◆ RECORDED INFORMATION
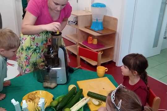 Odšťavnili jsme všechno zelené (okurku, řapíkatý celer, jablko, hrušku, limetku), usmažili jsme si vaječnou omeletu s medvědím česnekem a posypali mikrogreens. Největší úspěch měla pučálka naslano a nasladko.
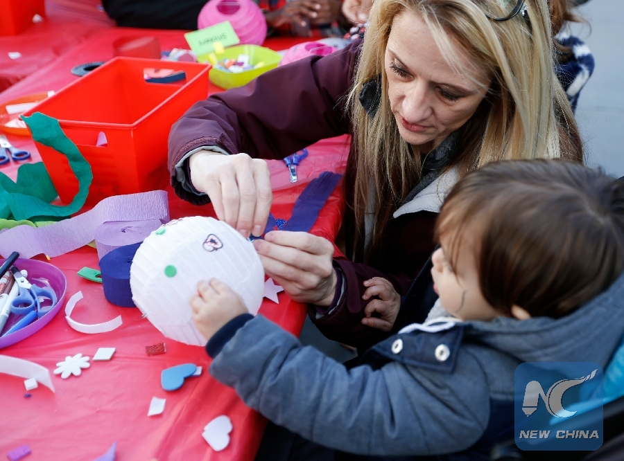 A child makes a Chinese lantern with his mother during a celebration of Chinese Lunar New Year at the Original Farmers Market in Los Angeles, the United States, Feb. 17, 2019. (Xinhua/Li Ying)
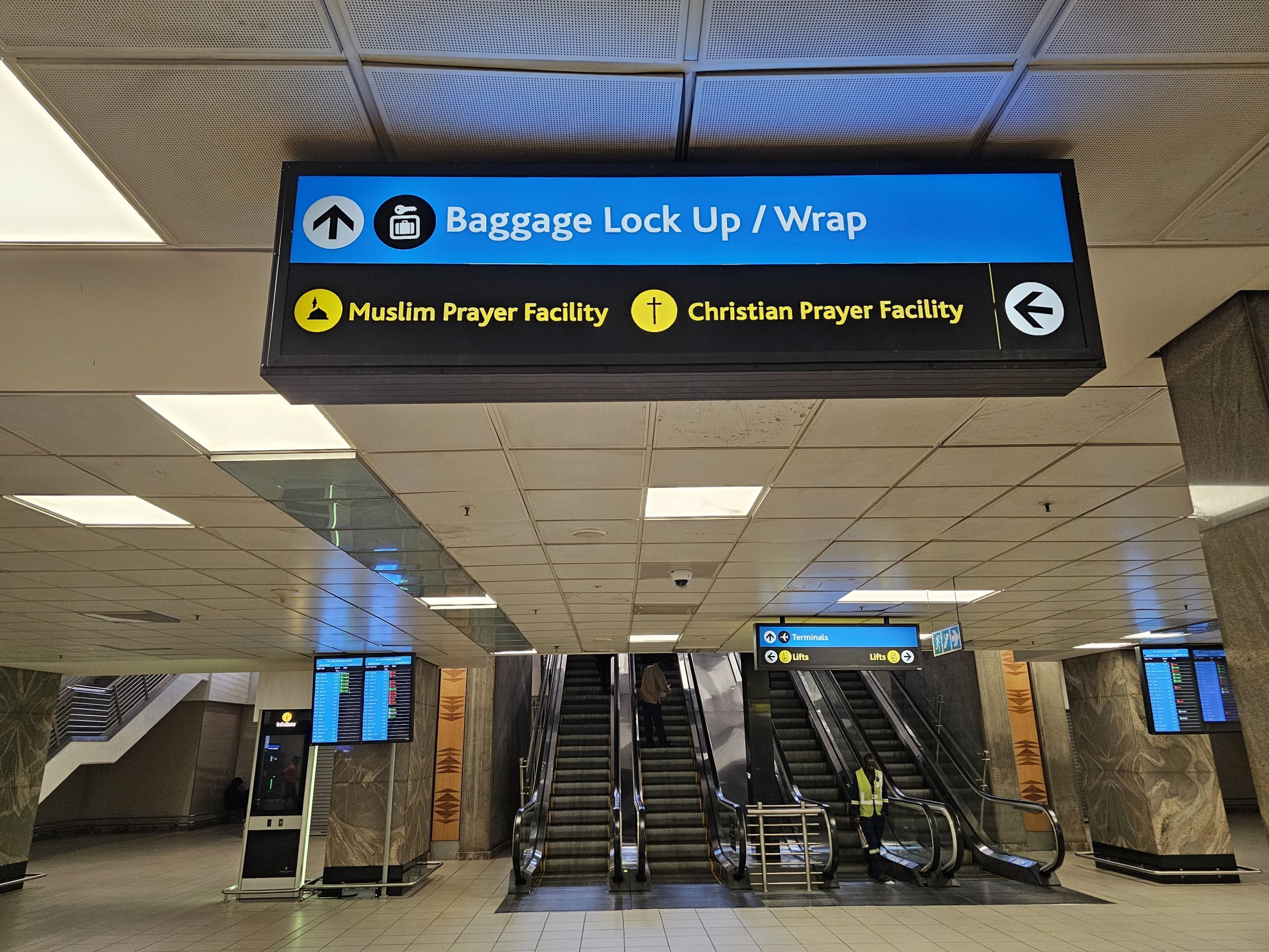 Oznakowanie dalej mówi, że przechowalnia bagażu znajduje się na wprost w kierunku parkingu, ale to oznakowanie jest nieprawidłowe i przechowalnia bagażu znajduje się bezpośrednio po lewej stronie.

◆ WORK INSTRUCTION
Print the full listing above again with exact wording and no images.

◆ REPLY TO THE EXERCISE
 Odšťavnili jsme všechno zelené (okurku, řapíkatý celer, jablko, hrušku, limetku), usmažili jsme si vaječnou omeletu s medvědím česnekem a posypali mikrogreens. Největší úspěch měla pučálka naslano a nasladko.
 A child makes a Chinese lantern with his mother during a celebration of Chinese Lunar New Year at the Original Farmers Market in Los Angeles, the United States, Feb. 17, 2019. (Xinhua/Li Ying)
 Oznakowanie dalej mówi, że przechowalnia bagażu znajduje się na wprost w kierunku parkingu, ale to oznakowanie jest nieprawidłowe i przechowalnia bagażu znajduje się bezpośrednio po lewej stronie.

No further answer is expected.